### TASK GOAL
Every line of the data below should be repeated exactly, and no picture should be copied.

### DATA SHOWN
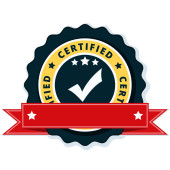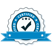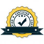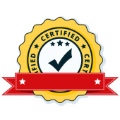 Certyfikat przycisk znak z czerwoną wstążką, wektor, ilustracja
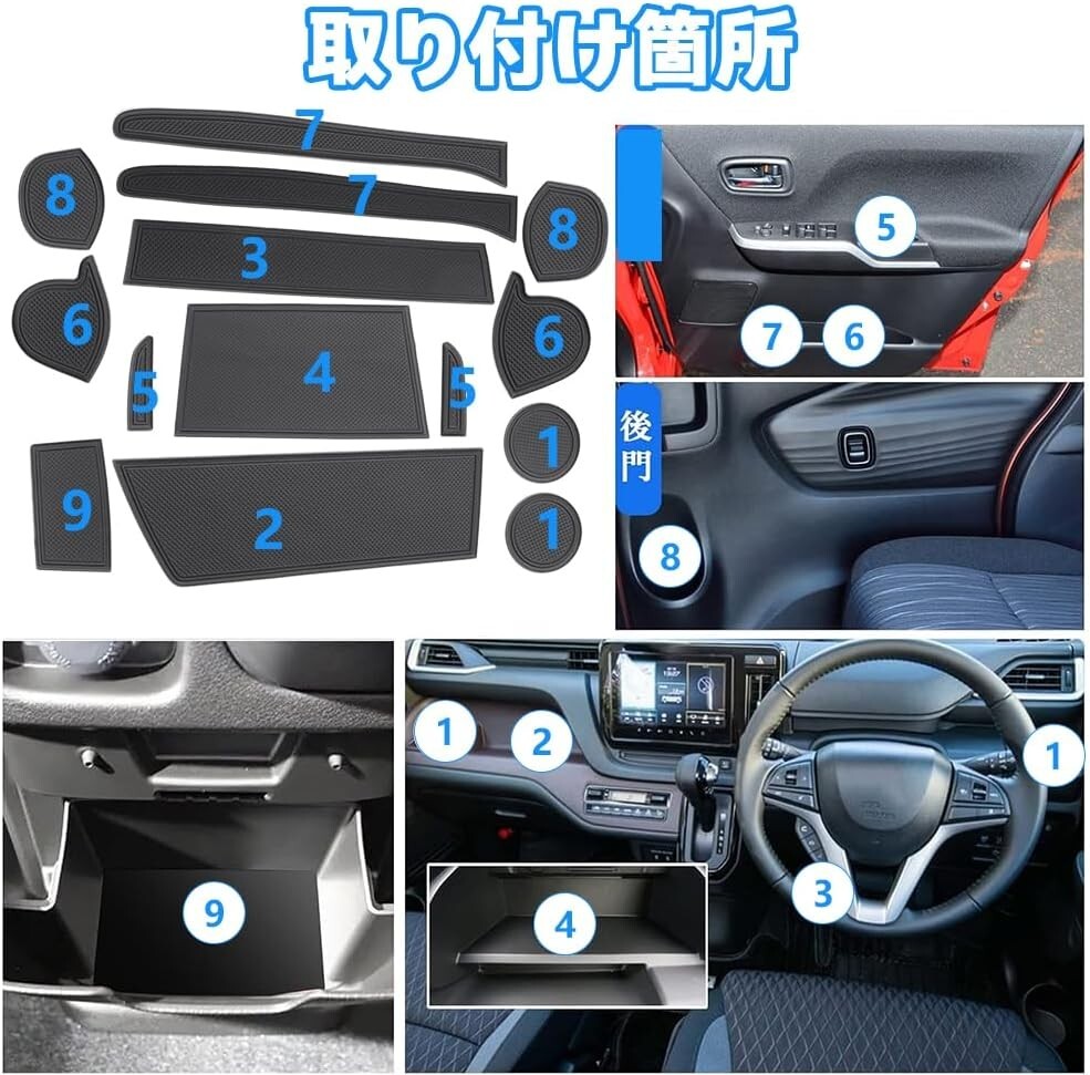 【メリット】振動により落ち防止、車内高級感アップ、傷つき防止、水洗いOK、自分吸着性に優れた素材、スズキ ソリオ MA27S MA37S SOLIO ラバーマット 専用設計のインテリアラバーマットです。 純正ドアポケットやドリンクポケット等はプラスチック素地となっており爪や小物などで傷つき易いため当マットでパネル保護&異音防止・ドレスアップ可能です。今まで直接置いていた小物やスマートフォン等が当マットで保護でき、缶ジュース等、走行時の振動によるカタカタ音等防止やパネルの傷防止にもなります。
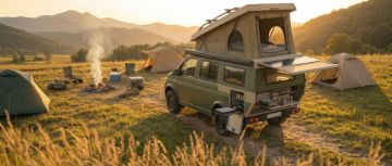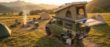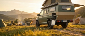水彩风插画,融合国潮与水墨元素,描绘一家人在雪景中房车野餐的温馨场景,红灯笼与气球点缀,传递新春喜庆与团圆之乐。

### OUTPUT OF THE TASK
 Certyfikat przycisk znak z czerwoną wstążką, wektor, ilustracja
 【メリット】振動により落ち防止、車内高級感アップ、傷つき防止、水洗いOK、自分吸着性に優れた素材、スズキ ソリオ MA27S MA37S SOLIO ラバーマット 専用設計のインテリアラバーマットです。 純正ドアポケットやドリンクポケット等はプラスチック素地となっており爪や小物などで傷つき易いため当マットでパネル保護&異音防止・ドレスアップ可能です。今まで直接置いていた小物やスマートフォン等が当マットで保護でき、缶ジュース等、走行時の振動によるカタカタ音等防止やパネルの傷防止にもなります。
水彩风插画,融合国潮与水墨元素,描绘一家人在雪景中房车野餐的温馨场景,红灯笼与气球点缀,传递新春喜庆与团圆之乐。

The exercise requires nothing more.